Type 2 diabetes is a disease characterized by the organism's inability to produce sufficient insulin amounts or to use this hormone properly, which causes blood to carry an excess of glucose that, in the long run, ends up damaging multiple organs of the entirebody.
Consequently, those affected - more than 415 million people worldwide - are backed every day treatments to control their glucose levels.
And while in most cases this control can be achieved with oral drugs, up to 25% of patients should necessarily resort to insulin injections.
But, isn't there any other alternative to not have to click weekly, when not daily?Well yes.
This is the case of ‘insulin bombs’, whose use, increasingly frequent, is not exempt from ‘complications’ and ‘discomfort’.However, researchers at Duke University in Durham (USA) could have found the key to simplify, much, the treatment of diabetes.
Specifically, the study, published in the "Nature Biomedical Engineering" magazine, describes how a new biopolymer loaded with a drug capable of inducing insulin release is capable of regulating blood glucose levels for a period of two weeks in primates.An effect for which a single injection is required and that, applied to humans, could be extended until beyond eight weeks.
Controlled release
Many of the current treatments for type 2 diabetes are based on the administration of a signaling molecule that, called ‘peptide similar to type 1’ glucagon (LPG1), induces the production and release of insulin by pancreas cells.The problem is that the half -life of this LPG1 is very short - the organism degrades it at a great speed -, so it must be continuously administered to carry out its action.

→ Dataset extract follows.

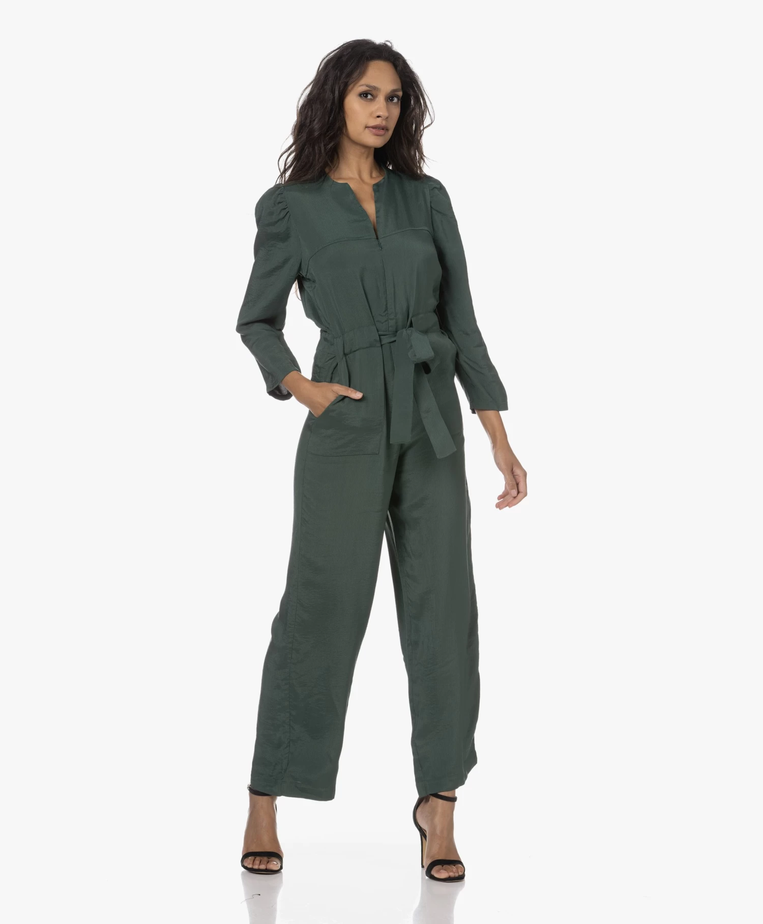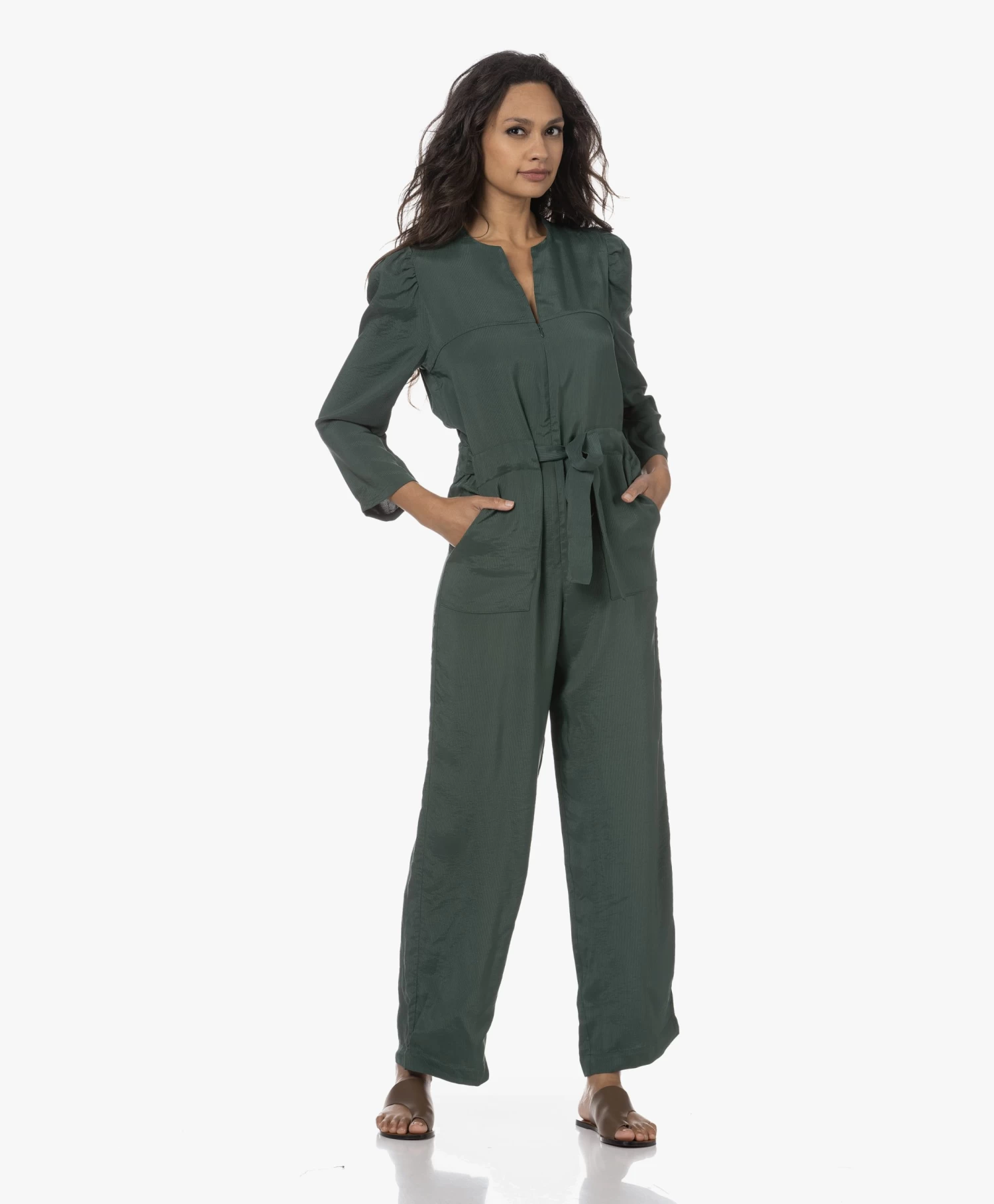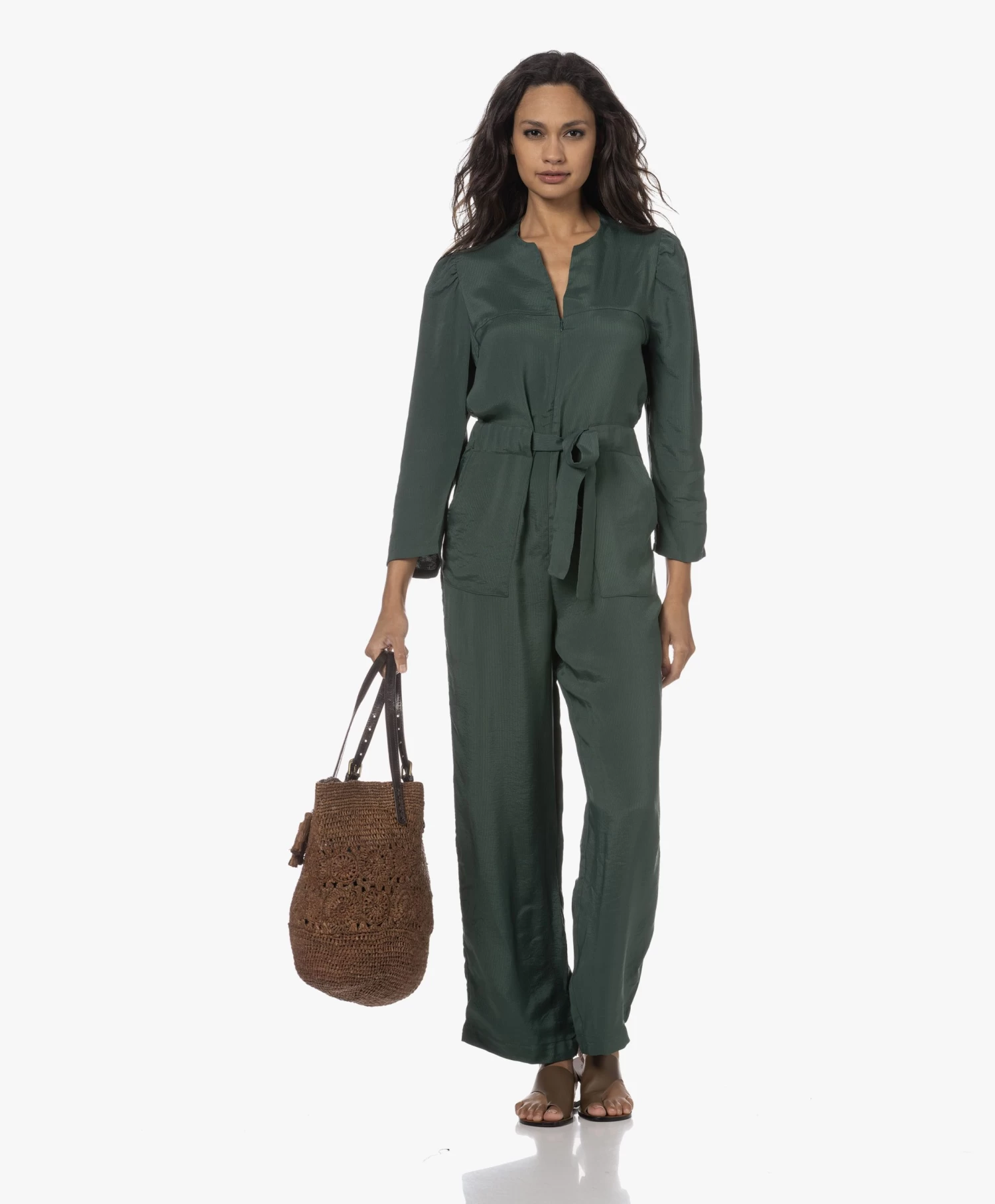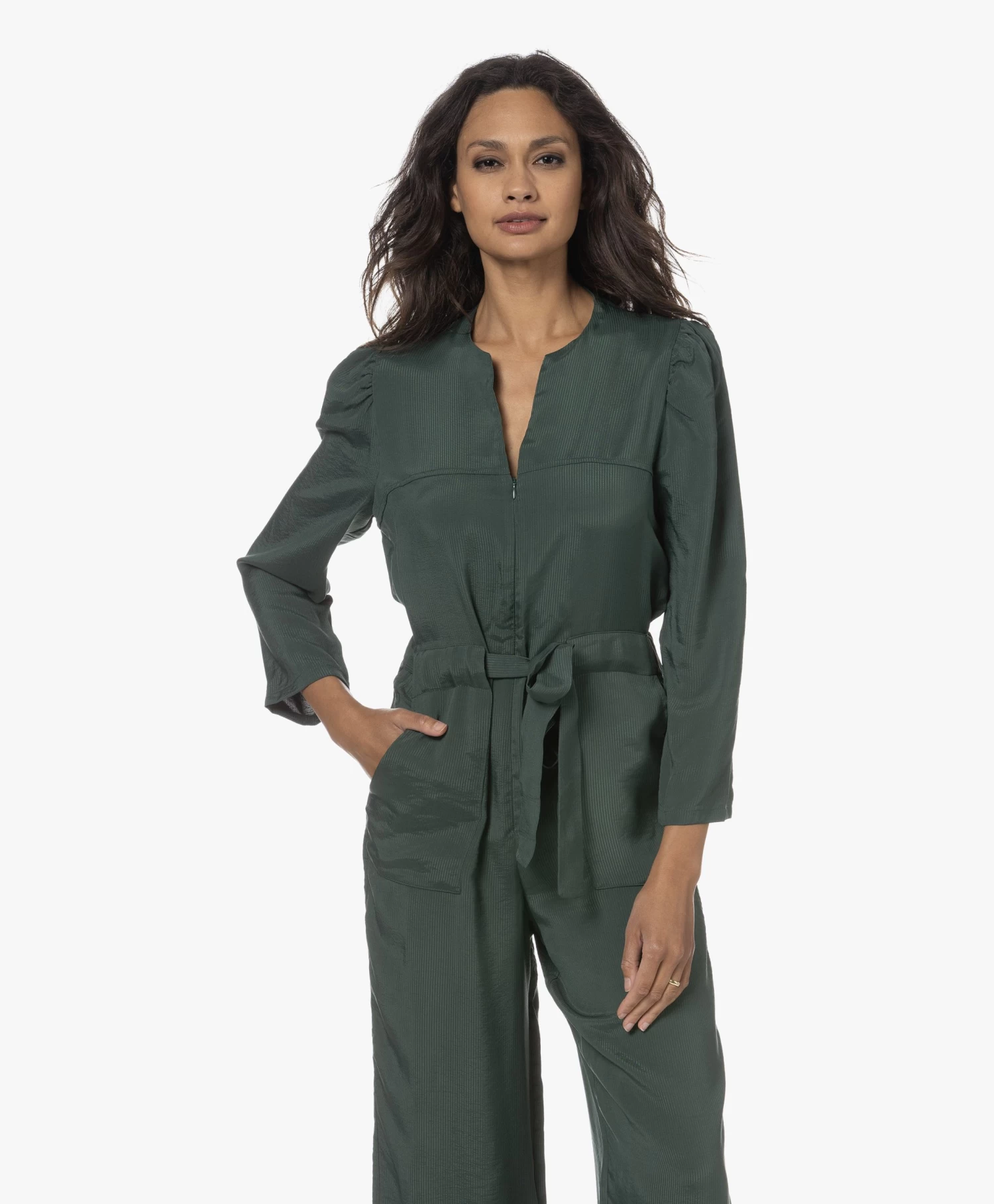 De combinatie van diepgroen seersucker-satijn en een vintage-geïnspireerde silhouet heeft ons geraakt. by-bar’s Vida jumpsuit zet de musthave-factor in voor wie het aandurft. Dat kan zomaar iedereen zijn: de relaxte pasvorm met ceintuur staat vrijwel elk figuurtype.

So what can be done to prolong its effect?Well, unite it to molecules, whether biological - such as antibodies - or synthetic, that mitigate their degradation, which makes their half -life in the organism last for several days in animal models - trays - and up to a week in humans.However, this ‘fusion’ with molecules does not allow the control of the release of the GPL1, so the treatment ends up losing its effectiveness over time.
We hope that our work allows the first formulation every two weeks, every month or every two months for patients with type 2 diabetes. Ashutosh Chilkoti.
To solve this problem, the authors of the new study have created a technology that merges the LPG1 with a 'elastin -type polypeptide' (elp) sensitive to heat to form a liquid or 'solution' that can be inoculated in the skin with a normal syringe.Consequently, and once injected, this ‘solution’ reacts with body heat to form a biodegradable gel that, little by little, is releasing the drug.
And this new technique, does it work?Yes, and very well.In fact, the experiments carried out with animal models - trays - have shown that this new therapy facilitates glucose control up to three times more lasting than is achieved with the currently marketed treatments.
As Ashutosh Chilkoti, research director explains, «although we have been pursuing this method for years, it has not been until we have modified the design of the biopolymer at the molecular level when we have managed to maximize the duration of the release of the drug with a single injection.The result is that we have managed to triple the duration of this short action drug for type 2 diabetes ».
Every two months
More;After tripling the duration of the control of blood sugar levels inmice-from 2-3 usual days to 10 days-the authors repeated the experiment with non-human primates.Specifically, with Rhesus macaque.And in this case, they observed that a single injection was able to induce glucose control for 14 days - period in which the drug release rate remained constant.
As Ashutosh Chilkoti refers, «what is truly interesting of our work is that it has shown that the drug can last more than two weeks in non -human primates.And since our metabolism is slower than that of mice and monkeys, treatment should even have a longer duration in humans.We hope this is the first formulation every two weeks, every month or every two months for patients with type 2 diabetes ».
In this context, it should be taken into account that the most prolonged action glucose currently available requires a weekly injection - and that conventional insulins need to be inoculated once or twice every day.Therefore, the authors indicate, "by limiting the number of injections required to achieve control of glucose levels, we hope that our new tool will improve the therapeutic options for this disease."
But the benefits of the new technique do not end here.In addition to being cheap to produce, it is possible that this controlled drug release system can be used in other diseases.In fact, the authors are already considering implementing a study to evaluate their effectiveness in pain treatment.